# Schaumburg, IL - 12/16 - Rocky Patel Event



## omowasu (Aug 9, 2006)

It looks like there is going to be a Rocky Patel factory event at the Binny's liquor and cigar "superstore" in Schaumburg on 12/16. Binnys is on Golf road on the South side between Higgins and Roselle. Details are a little sketchy at this point. It is my understanding that times are 1-4pm. This may be a good opportunity to pick up some of the sungrowns!

I may try and herf it up afterward, but I have a party to get to at 6:00 pm, so it may be tight. I will post as my schedule develops.

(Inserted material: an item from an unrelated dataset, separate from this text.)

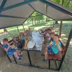 Elérkeztünk a program utolsó hónapjához, amit már nagyon vártak a gyerekek. Mivel nagycsoportos gyerekekről van szó, a hónap aktualitása volt még a ballagás és búcsú az óvodától. Így csupa jeles esemény színesítette ezt a hónapot, így méltóképpen zártuk a boldogságórákat és az óvodás éveket a Katica csoportban. Sokat beszélgettünk a Boldogságvárhoz vezető lépcsőkről. Újra felidéztük mindet, megbeszéltük a jeleket és, hogy melyik lépcsőfokról mit tanultunk meg. Mindegyikhez mondtuk példákat és egész sok mindenre emlékeztek. Ebben nagy segítségünkre volt az utolsó mese is, ami nagyszerűen összefoglalja a boldogságfokozó elemeket. Miközben meséltem a mesét, a lépcsőfokok mellé rajzoltam a színes gyöngyöket, ugyanúgy ahogy megjelentek a mesében – rávezetve ebből őket a boldogságlánc értelmezésére. Ezt követően készítettük el a munkafüzet feladatait: kiszínezték az elemeket, lerajzolták a kedvencüket, elkészült a boldogságkerék és a boldogságfüzér – ez utóbbi gyöngyfűzés formájában is megvalósult. Végül mindenki lerajzolta a saját boldogságvárát, amiből készítettünk egy tablót a ballagási tabló mellé. Ebben a hónapban valóban megjelent minden boldogságfokozó elem, amelyet az út során megismertünk. Mivel közeledett a ballagás, így nézegettünk fotókat, videókat az elmúlt három évről, összeállítottuk mindenki mappáját, amiben az idei munkákat gyűjtöttük, elkészítették mozaikragasztással a saját jeleiket. A gyerekekkel közösen készítettünk köszönőleveleket azoknak a helyi szervezeteknek, akiknek sok támogatást köszönhettünk az óvodás évek során (könyvtáros néni, konyhás nénik, nyugdíjas klubok, védőnő, boltos néni …) és néhány séta alkalmával körbehordtuk a faluban ezeket a leveleket. Jótékonykodtunk is: az év során összegyűjtött műanyagkupakokat elvittük a gyűjtőhelyre, melyet jótékony célra fognak felhasználni. Voltunk játszótéren és fagyizni, élveztük az apró örömöket. Az egész tevékenységet az öleléslánccal zártuk.

I think a herf in Schaumburg is mandatory prior to the ridiculous "clean air ordinance" enactment on 1/2/07.


----------



## decesaro (Jan 31, 2006)

Sounds like it will be a good time , Will Rocky be there as the host? 

I was looking for something to do on my birthday weekend.... woo hoo :w


----------



## omowasu (Aug 9, 2006)

UH OH.... it gets even BETTER!

HOLIDAY TASTING
Saturday, December 16, 1:00-4:00pm
Sample over 25 craft and holiday beers from all over the world! Featured breweries include: Chimay, Delirium, Samuel Smith, Lindemans, Great Lakes Brewing Co, Sam Adams and many more. Also, enjoy fantastic Ports from Fonseca and Taylor Fladgate. Great last minute gift ideas! Free to Binny's Card members.

I have to call them tomorrow - if they have Rocky Patel specials AND Belgian Beers, Ill be tailgaiting in the parking lot! Ill pitch a tent!  no, not that kind of tent u


----------



## Cochise (Jun 9, 2005)

I'll be at work 

But It's a great store and Rocky has a great product.

I met him last month at a grand opening in Downers Grove, He's a swell guy.


----------



## mastershogun (Nov 3, 2006)

could i get some more information in this? I wasn't able to find anything on their site


----------



## omowasu (Aug 9, 2006)

mastershogun said:


> could i get some more information in this? I wasn't able to find anything on their site


Im going to call them tomorrow for more info. Ill postwhore tomorrow night accordingly! :r


----------